BEGIN

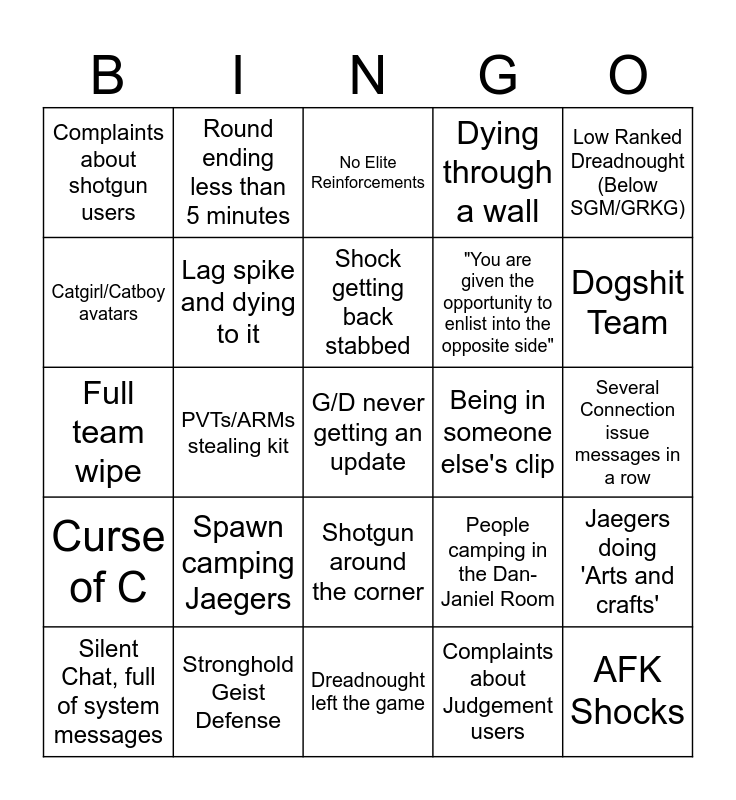 This bingo card has a free space and 24 words: Spawn camping Jaegers, Stronghold Geist Defense, Shock getting back stabbed, Silent Chat, full of system messages, Low Ranked Dreadnought (Below SGM/GRKG), Complaints about shotgun users, Catgirl/Catboy avatars, Round ending less than 5 minutes, Being in someone else's clip, Shotgun around the corner, "You are given the opportunity to enlist into the opposite side", Full team wipe, People camping in the Dan-Janiel Room, Jaegers doing 'Arts and crafts', Lag spike and dying to it, Complaints about Judgement users, Several Connection issue messages in a row, No Elite Reinforcements, Dogshit Team, PVTs/ARMs stealing kit, AFK Shocks, Curse of C, Dying through a wall and Dreadnought left the game.
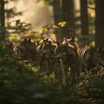 Картинка на рабочий стол: волки, лес, осень, дикая природа
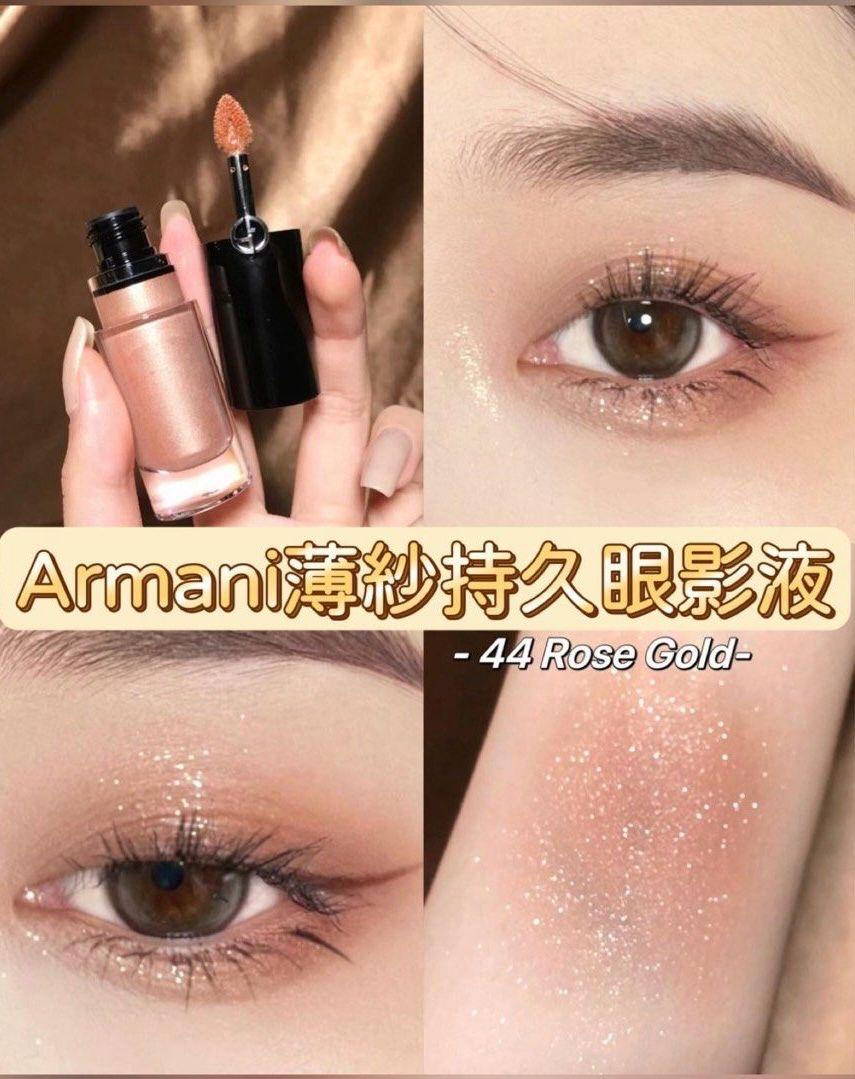 ARMANI薄紗眼影液 3ml ‼️售完即止 ✳️2色選擇: - #11 bronze - #44 Rose Gold ❌專櫃價3.9ml $325❌ 💰$98/支,2支以上$88/支 🚘2 ~3星期到貨 溫柔百搭 帶肉粉色 ✨ 提亮去暗啞 閃片細膩 自帶高級感 質地柔滑 自帶海綿棒點上 輕易推開, 自帶底色 單色完妝🎀 全眼暈染 或 疊加Highlight, 由於融膚度高 用做高光也不錯 效果柔和持久✨
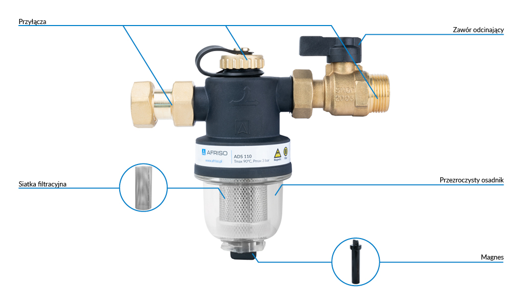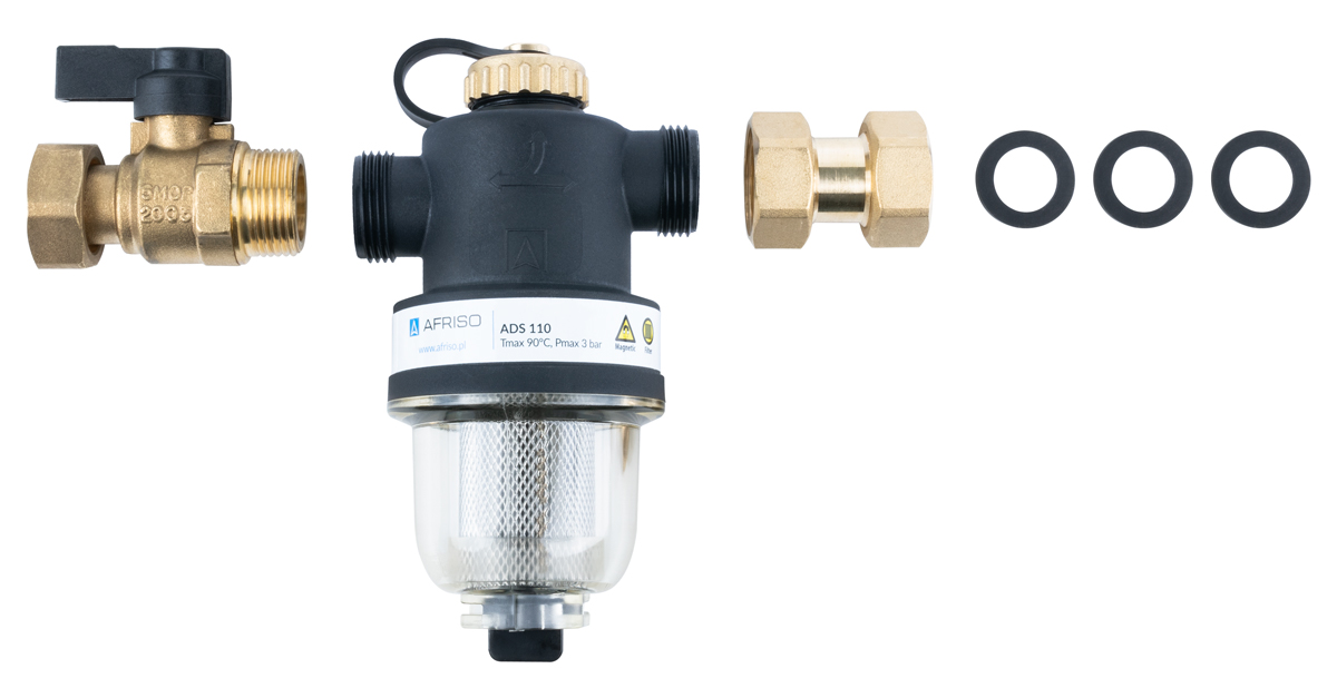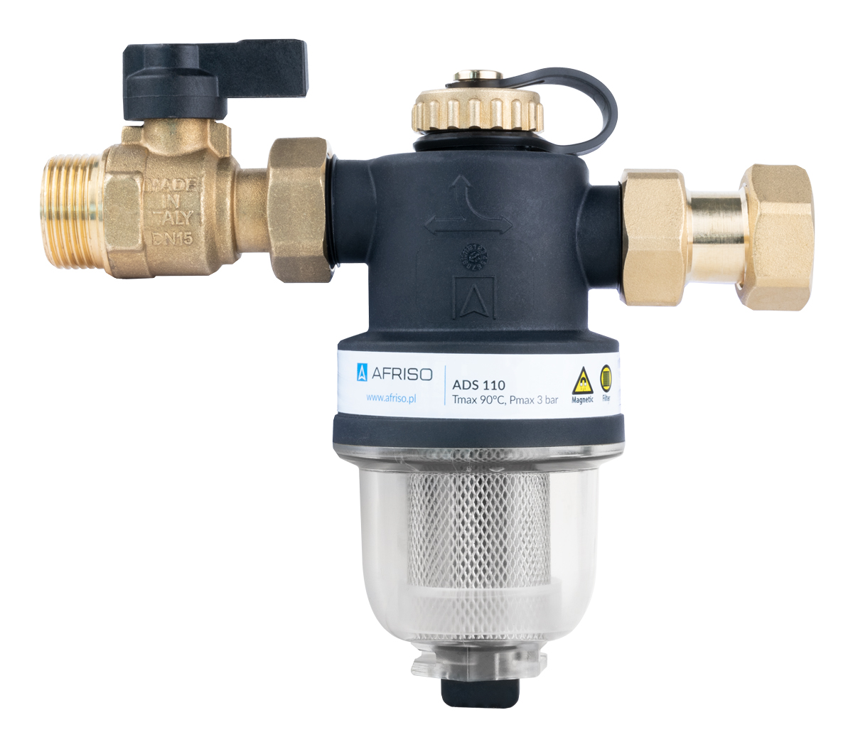 Separator AFRISO ADS 110, do C.O., 3 bar / 90'C, 3/4'' (GW), z wkładem magnesowymInstalacje i źródła ciepła
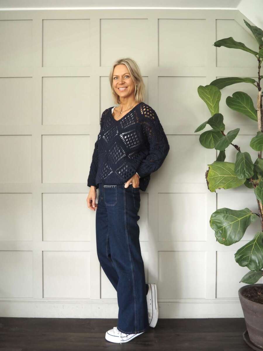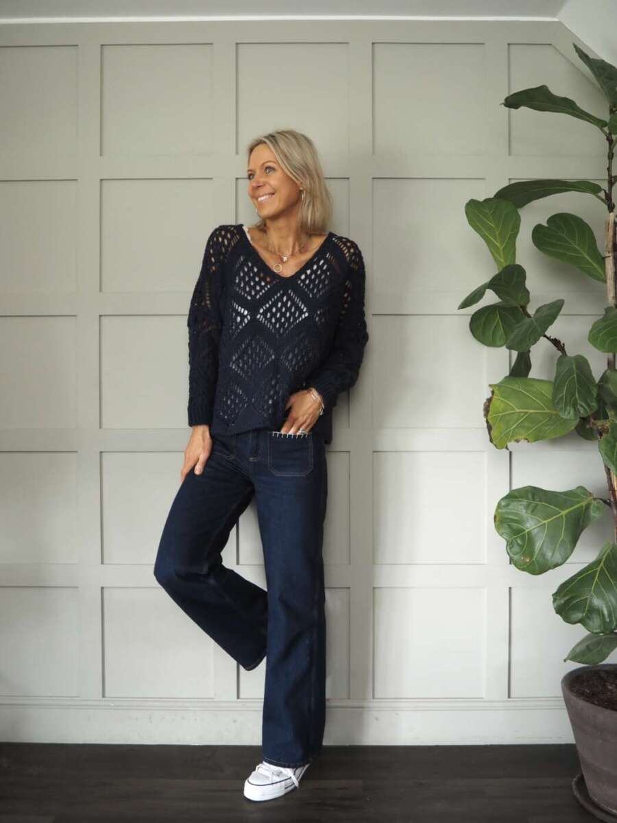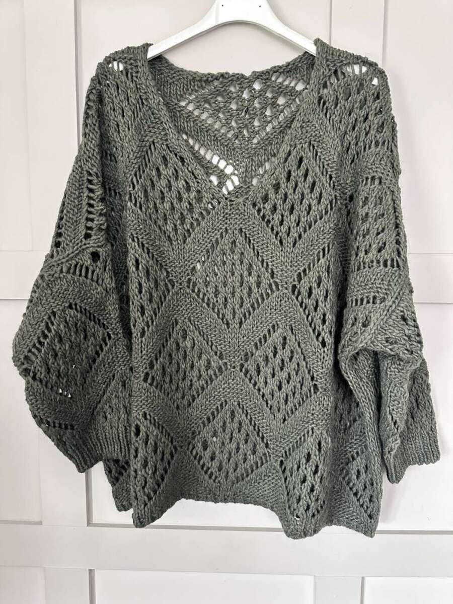 This beautiful diamond knit jumper is a fantastic transitional piece. It looks great with skirts, trousers and jeans.
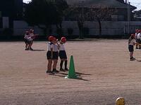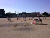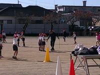 2年生の体育の授業では、なわとびをやっていました。3人がタイミングを合わせて1つの縄を使って飛ぶ練習をしています。タイミングを取るのは難しそうですが、寒い中、一生懸命頑張っていました。
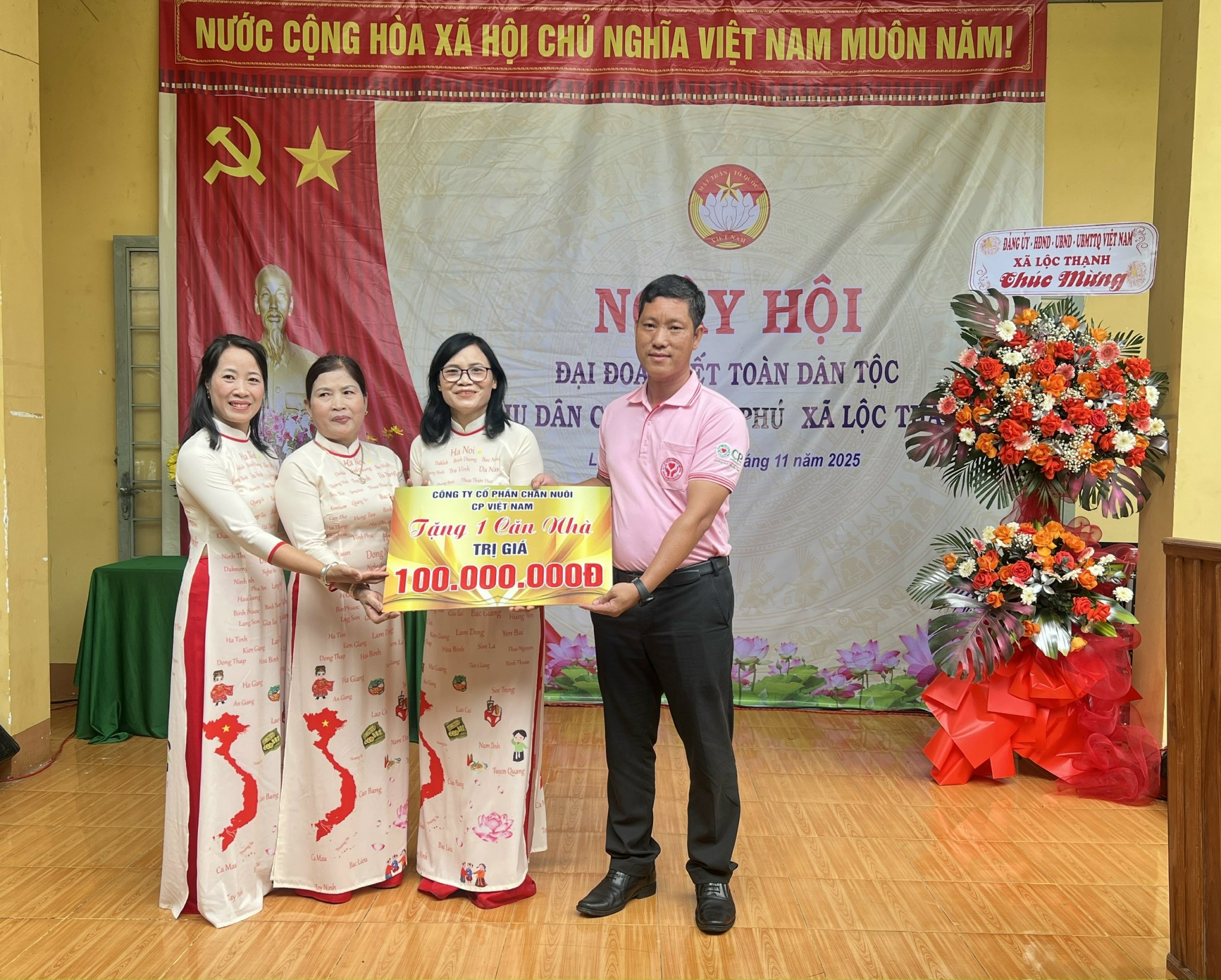 Đại diện Công ty cổ phần CP đã trao tặng 100 triệu đồng để xây dựng nhà đại đoàn kết
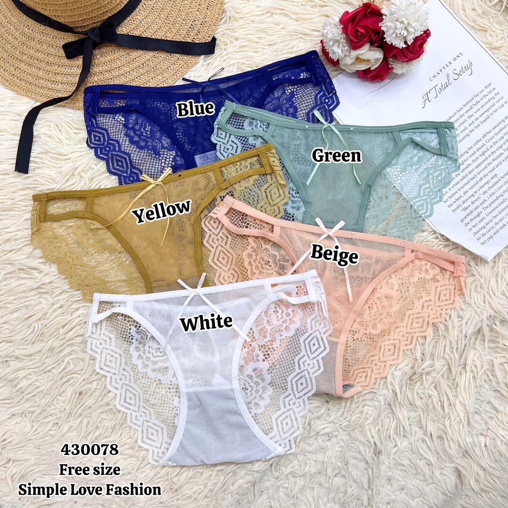 PantiesCode: 430078 Size: Free SizeColour;White,Blue,Green,Yellow,BeigeFree Size Waist: 64-86cm; Hips:- cm; Length: 25cm

END

* [Task requirements]:
Would you restate all of the data above word for word, omitting the pictures?

* [Reply to the task]:
 This bingo card has a free space and 24 words: Spawn camping Jaegers, Stronghold Geist Defense, Shock getting back stabbed, Silent Chat, full of system messages, Low Ranked Dreadnought (Below SGM/GRKG), Complaints about shotgun users, Catgirl/Catboy avatars, Round ending less than 5 minutes, Being in someone else's clip, Shotgun around the corner, "You are given the opportunity to enlist into the opposite side", Full team wipe, People camping in the Dan-Janiel Room, Jaegers doing 'Arts and crafts', Lag spike and dying to it, Complaints about Judgement users, Several Connection issue messages in a row, No Elite Reinforcements, Dogshit Team, PVTs/ARMs stealing kit, AFK Shocks, Curse of C, Dying through a wall and Dreadnought left the game.
 Картинка на рабочий стол: волки, лес, осень, дикая природа
 ARMANI薄紗眼影液 3ml ‼️售完即止 ✳️2色選擇: - #11 bronze - #44 Rose Gold ❌專櫃價3.9ml $325❌ 💰$98/支,2支以上$88/支 🚘2 ~3星期到貨 溫柔百搭 帶肉粉色 ✨ 提亮去暗啞 閃片細膩 自帶高級感 質地柔滑 自帶海綿棒點上 輕易推開, 自帶底色 單色完妝🎀 全眼暈染 或 疊加Highlight, 由於融膚度高 用做高光也不錯 效果柔和持久✨
 Separator AFRISO ADS 110, do C.O., 3 bar / 90'C, 3/4'' (GW), z wkładem magnesowymInstalacje i źródła ciepła
 This beautiful diamond knit jumper is a fantastic transitional piece. It looks great with skirts, trousers and jeans.
 2年生の体育の授業では、なわとびをやっていました。3人がタイミングを合わせて1つの縄を使って飛ぶ練習をしています。タイミングを取るのは難しそうですが、寒い中、一生懸命頑張っていました。
 Đại diện Công ty cổ phần CP đã trao tặng 100 triệu đồng để xây dựng nhà đại đoàn kết
 PantiesCode: 430078 Size: Free SizeColour;White,Blue,Green,Yellow,BeigeFree Size Waist: 64-86cm; Hips:- cm; Length: 25cm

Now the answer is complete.